►
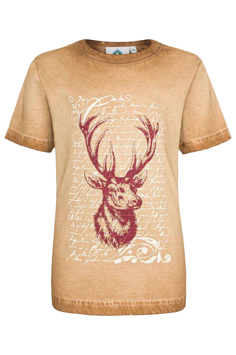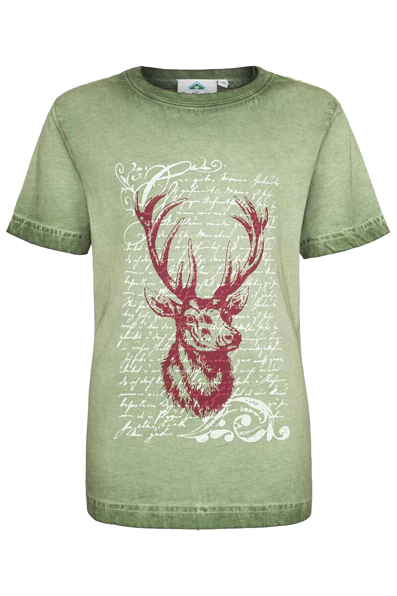 Dieses coole Baumwollshirt von Isar-Trachten in olivgrün ergänzt den Trachtenlook Ihres Buben. Die spezielle Färbung macht das Hemd einzigartig, an den Ärmelenden und am Saum ist die Waschung etwas dunkler. Das großflächige Motiv eines braunen Hirschkopfes ziert stolz die Vorderseite. Ein heller Schriftzug und ein dekoratives Muster bilden den Hintergrund.Das hochwertige Baumwollmaterial ist besonders angenehm zu tragen, da es sehr temperaturausgleichend und atmungsaktiv ist.Die Rückenlänge in Größe 116 beträgt 48 cm.
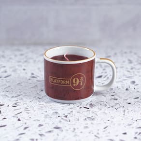 Caneca Vela Decorativa Plataforma 9 - Harry Potter é ideal para quem ama utilidade com praticidade! Quer iluminar seu cantinho e ainda deixar tudo bem cheirosinho? A gente te ajuda! Essa caneca acompanha uma vela artesanal perfumada, e quando acabar é só lavar e usar para tomar sua bebida favorita!
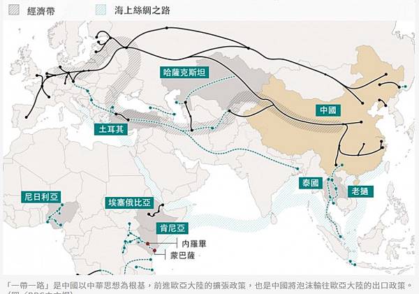 「一帶一路」是中國以中華思想為根基,前進歐亞大陸的擴張政策,也是中國將泡沫輸往歐亞大陸的出口政策。(圖/BBC中文網)
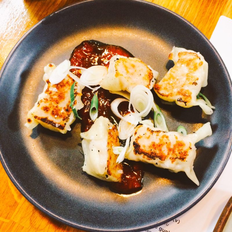 I plumped for my favourite sake aburi (torched salmon nigiri), and added maguru zuke (tuna) and teriyaki shitake hosomaki and aubergine dragon uramaki whilst Tony ordered the classic starter of chicken teriyaki and ever popular chicken katsu curry. We shared a portion of pork gyoza, because y’know, it’d just be rude not to.
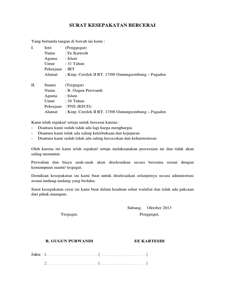 Contoh surat perjanjian cerai. Nama surat seperti pada surat pernyataan lain pada umumnya hal pertama yang harus dicantumkan adalah nama surat itu sendiri. 29 29 mendukung tandai dokumen ini sebagai bermanfaat 5 5 menolak tandai dokumen ini sebagai tidak bermanfaat tanamkan. Isi surat pernyataan cerai berisi tentang pernyataan bahwa kedua belah pihak sepakat untuk bercerai. Saksi saksi mencantumkan beberapa orang saksi dalam proses perceraian. Identitas pihak pertama yang meminta cerai poin selanjutnya adalah menyebutkan identitas diri secara jelas pihak pertama atau pihak yang meminta perceraian. Di dalamnya biasanya terdapat nama tempat dan tanggal lahir usia alamat dan sebagainya.
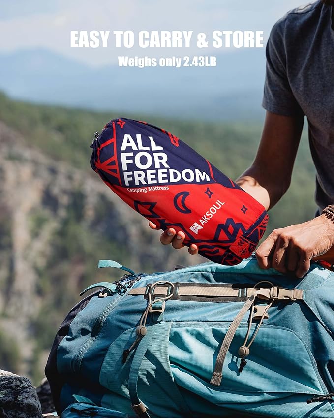 • 【Compact & Lightweight】: after folding and storing, the camping mat weighs only 2.43lb, size 10.24‘’L * 6.3‘’ W* 3.94‘’Th, designed with portability in mind, our self-inflating sleeping pad is ultralight and portable, making it perfect for backpacking trips or car camping adventures. Say goodbye to bulky and heavy camping pad without sacrificing comfort
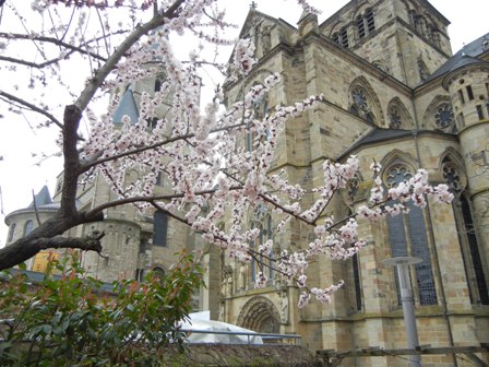 When I left the Kesselstatt wine bar revitalized and in high spirits, I walked out to a cherry tree in full blossom with a splendid view of the adjacent church of St. Liebfrauen and the cathedral (Dom, left).
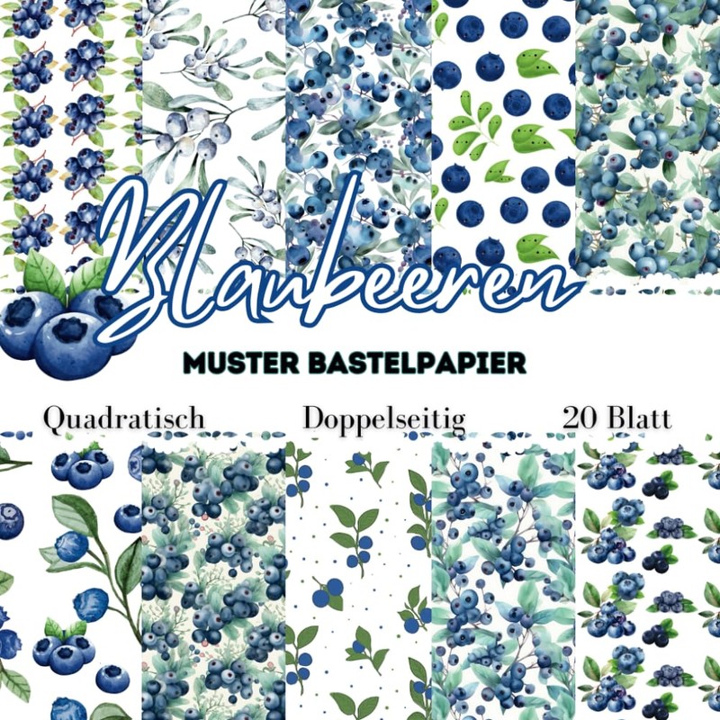 Blaubeeren Muster Bastelpapier: Heidelbeeren Scrapbooking Papier | 8.5" x 8.5", Quadratisch, Doppelseitig I Junk Journal I Decoupage I DIY Karten | Dekoratives Motivpapier | Obst Designpapier, Blau
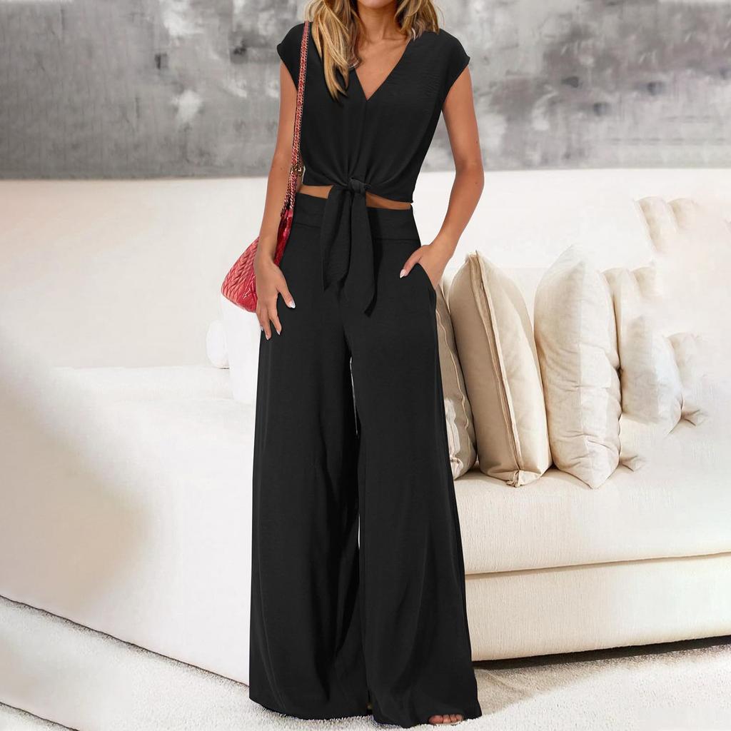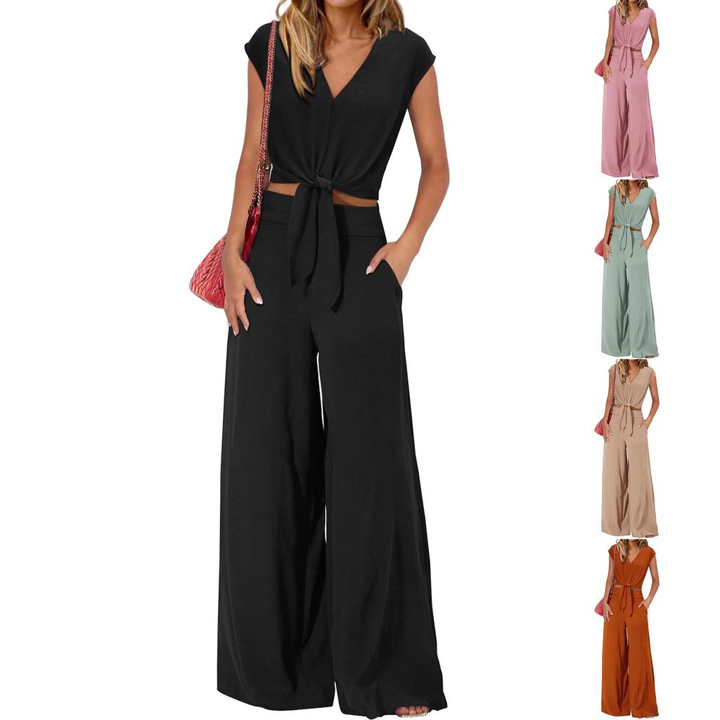 Характеристики: Женский брючный костюм-двойка, летняя одежда, топ с V-образным вырезом и запахом, сексуальная рубашка без рукавов с кепкой, топ с завязкой на талии, эластичный топ со сборками на спине, эластичные широкие брюки с высокой талией, широкие брюки с карманами, повседневный костюм, подходящий для весны. и лето
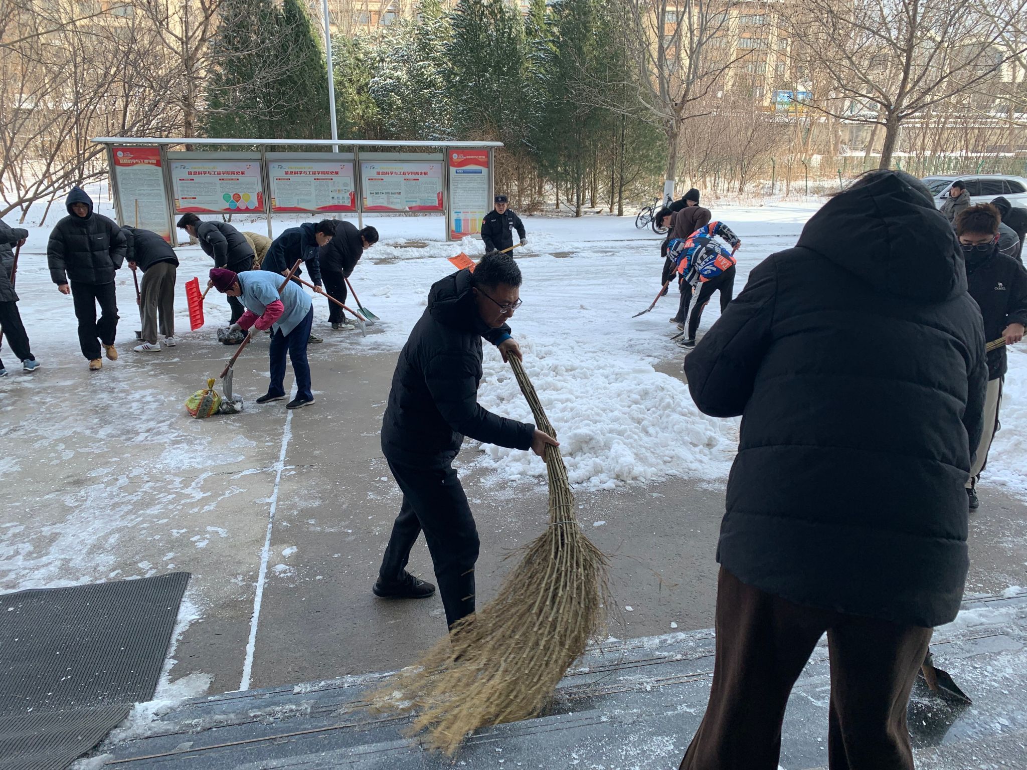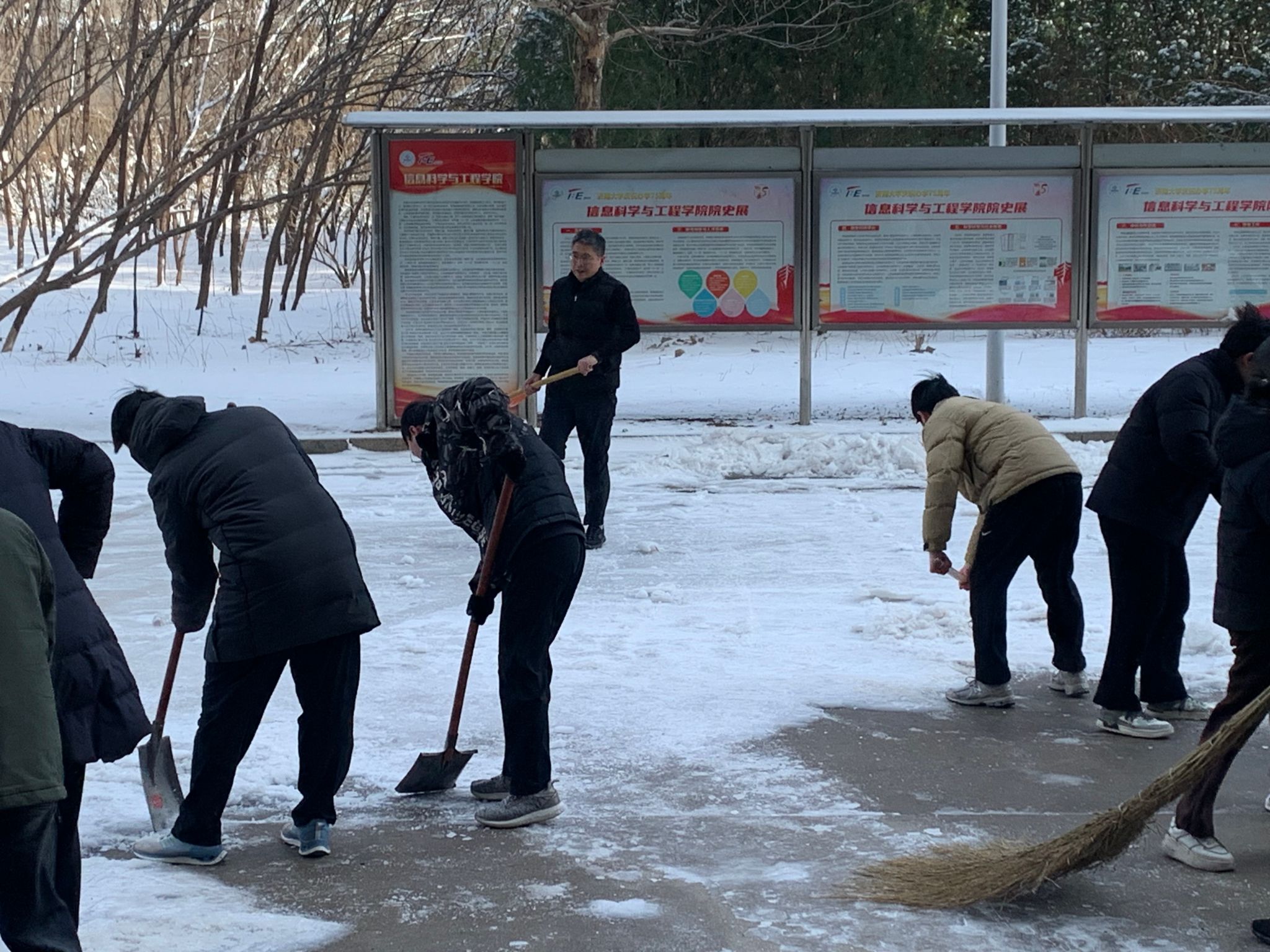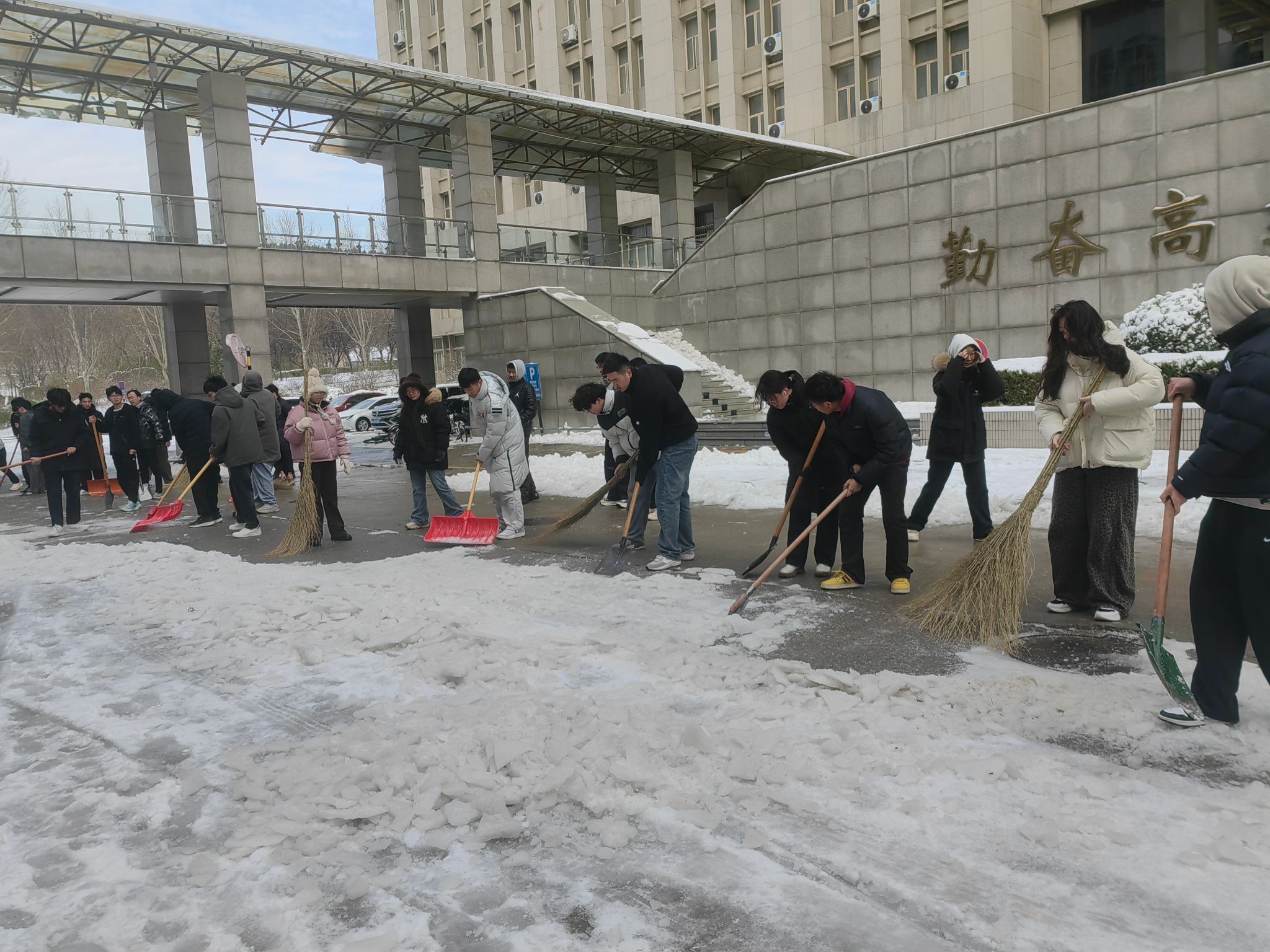 3月3日清晨,学院师生党员不畏严寒,携带好扫帚、铁锹等清扫工具,分批次到学院卫生责任区域开展扫雪除冰活动。大家头顶寒风却干劲十足,从学院主干道到12教学楼两侧,再到图书馆周边,齐心协力,配合默契,经过两个多小时的奋战,学院周边主干道路的积雪被清扫干净,学院师生党员用热情与汗水开辟出了一条安全方便的“暖心路”,用实际行动为为校园筑起了一道坚实的“安全屏障”。
◄
» **Problem to solve**
Using the data above, retype exactly the lines from the line with "without sacrificing comfort" to the line with "Характеристики: Женский брючный", inclusive. No pictures and nothing else.

» **Task output**
 • 【Compact & Lightweight】: after folding and storing, the camping mat weighs only 2.43lb, size 10.24‘’L * 6.3‘’ W* 3.94‘’Th, designed with portability in mind, our self-inflating sleeping pad is ultralight and portable, making it perfect for backpacking trips or car camping adventures. Say goodbye to bulky and heavy camping pad without sacrificing comfort
 When I left the Kesselstatt wine bar revitalized and in high spirits, I walked out to a cherry tree in full blossom with a splendid view of the adjacent church of St. Liebfrauen and the cathedral (Dom, left).
 Blaubeeren Muster Bastelpapier: Heidelbeeren Scrapbooking Papier | 8.5" x 8.5", Quadratisch, Doppelseitig I Junk Journal I Decoupage I DIY Karten | Dekoratives Motivpapier | Obst Designpapier, Blau
 Характеристики: Женский брючный костюм-двойка, летняя одежда, топ с V-образным вырезом и запахом, сексуальная рубашка без рукавов с кепкой, топ с завязкой на талии, эластичный топ со сборками на спине, эластичные широкие брюки с высокой талией, широкие брюки с карманами, повседневный костюм, подходящий для весны. и лето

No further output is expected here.